Но перед выездом утром позвонил Тети, который, как и положено, сам опаздывал. Он попросил Э дать интервью ещё одной журналистке. Э поворчал и нехотя согласился. Журналистка ждала у калитки и мы прошли от отеля до ближайшего кафе. Вопросы журналистки Э не понравились, она глупая, – сказал он на обратном пути. Я заметил, что журналисты часто используют в общении с селебрити один идиотский приём. Они разговаривают с собеседником о каких-то важных вещах, о литературе, о политике, о культуре, и вдруг в конце задают последний, неожиданный своей глупостью, вопрос. Типа: «Какой ваш любимый цвет?» или, ещё: «Как по-вашему, что такое любовь?». Цвет, цветочки, любовь – ну что это за инфантильность, что это за хуйня! Все эти новомодные журналистские штучки-дрючки с Э не проходят, они только вызывают у него недоумение и раздражение.
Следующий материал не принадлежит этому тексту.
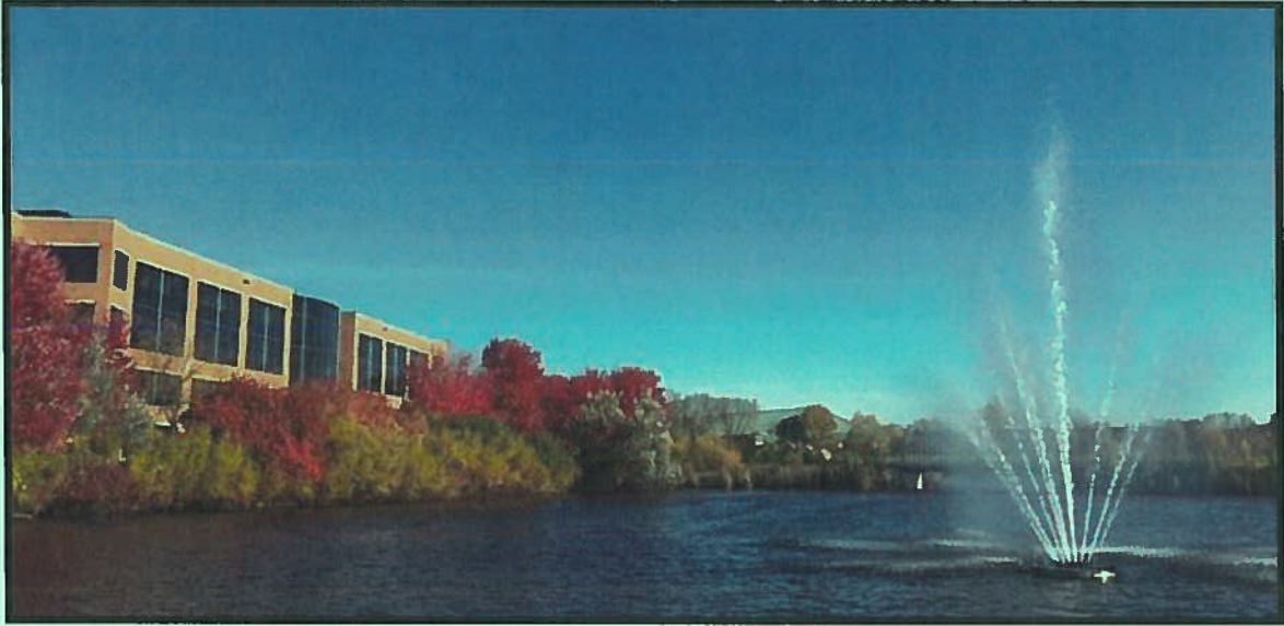
Purgatory Creek at Southwest Station
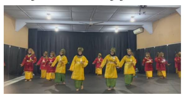
Figure 25. Dancers perform a floor pattern of closed bamboo shoots
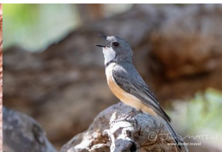
Rufous Whistler
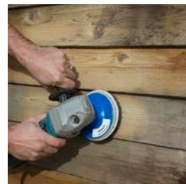
Buffy Pad System

1 Remove old stain or unsound wood fibers
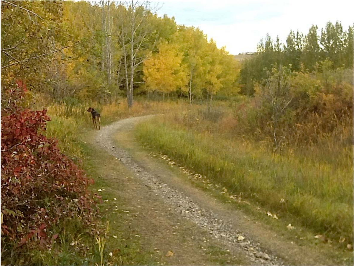
Fall colours on Nose Hill

Friends of Nose Hill Society Membership Year: 2014 $10.00
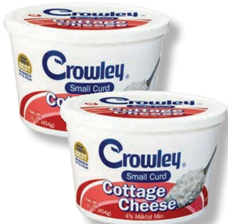
Assorted Varieties Crowley Cottage Cheese
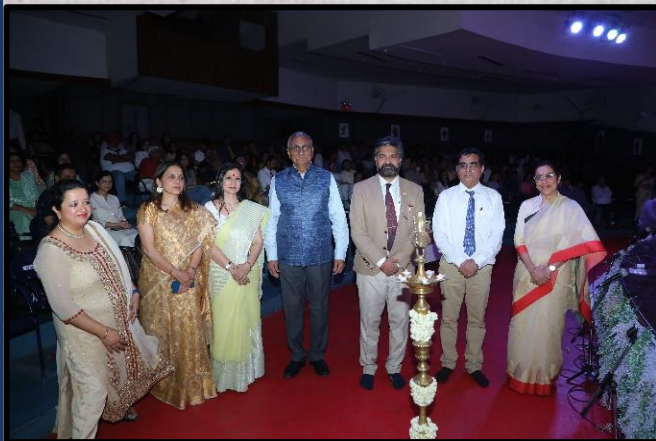
Chief guest along with the Principal and the House Masters
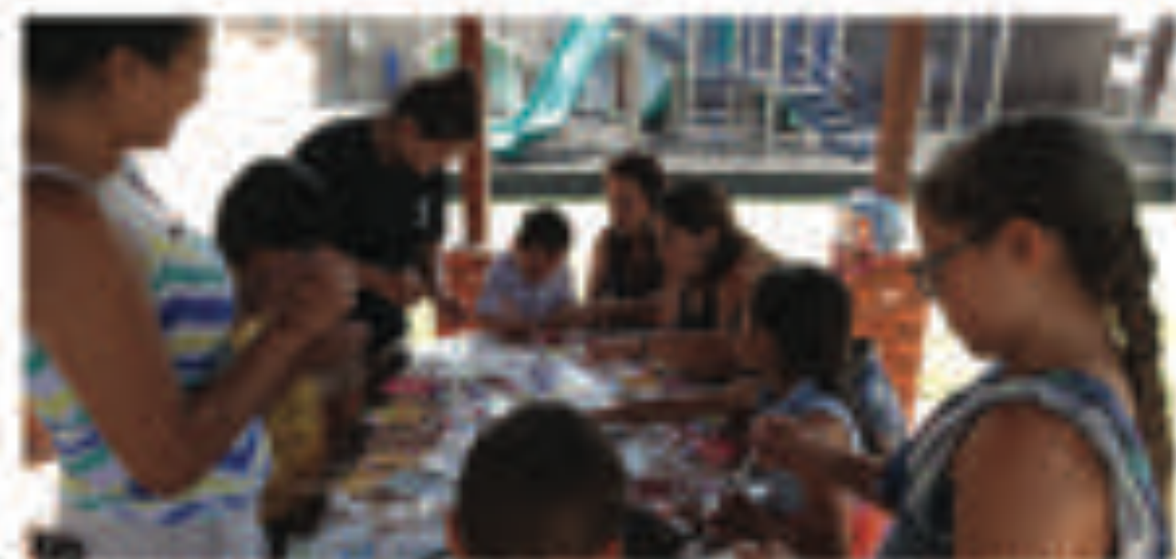
Creating crafts together with the mothers and their children.
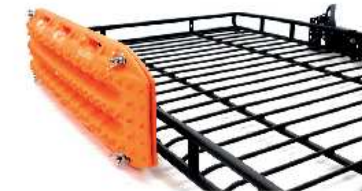
Maxtrax mount for 5" height racks
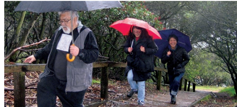
left Attendees walk to ceremony

Итак, снова на юг. Ехали мы по автобану относительно недолго, часа два. Старая Феррара, как и множество небольших и маленьких городов Италии, в отличие от Милана, Турина, Рима сохранилась во всём своём средневековом образе, образе, ненарушенном новыми застройками. Серые каменные мостовые, узкие улицы, вытянутые окна с решётчатыми ставнями. Стены некоторых домов не отштукатурены, видны кирпичи с прожилками раствора. Крыши домов в грубой, массивной черепице, как будто крышу уложили рядами расколотых вдоль глиняных горшков. За окном гармоничная гамма цветов, никаких ярких красок, кроме пышных зелёных крон деревьев, выглядывающих из-за крыш. Всё в одном спектре – жёлтое, коричневое, бежевое.

Черепичные крыши в средневековых городках Италии очень распространены
Черепичные крыши в средневековых городках Италии очень распространены

Как обычно, Э совершает обряд знакомства с апартаментами, куда нас поселили. Он ходит по комнате, открывает шкаф и окно, всё рассматривает. Читает перечень услуг на столике. В душевой поднимает внешние ставни при помощи выведенной для этой цели вовнутрь верёвки – этот процесс ему понравился, так как он требует немного усилий для того, чтобы тянуть верёвку. Ставни, прогрохотав деревянными рейками, подняты вверх – душевая мгновенно наполнилась светом. – Дима, свет – это хорошо! – люцеферно заключает Э, довольный результатом. И весь номер в целом его полностью устраивает – пусть и невзрачный, но очень просторный, всё в нём по-простому, присутствует только самое необходимое. Э любит когда просто, хотя он гораздо сложнее, чем большинство людей.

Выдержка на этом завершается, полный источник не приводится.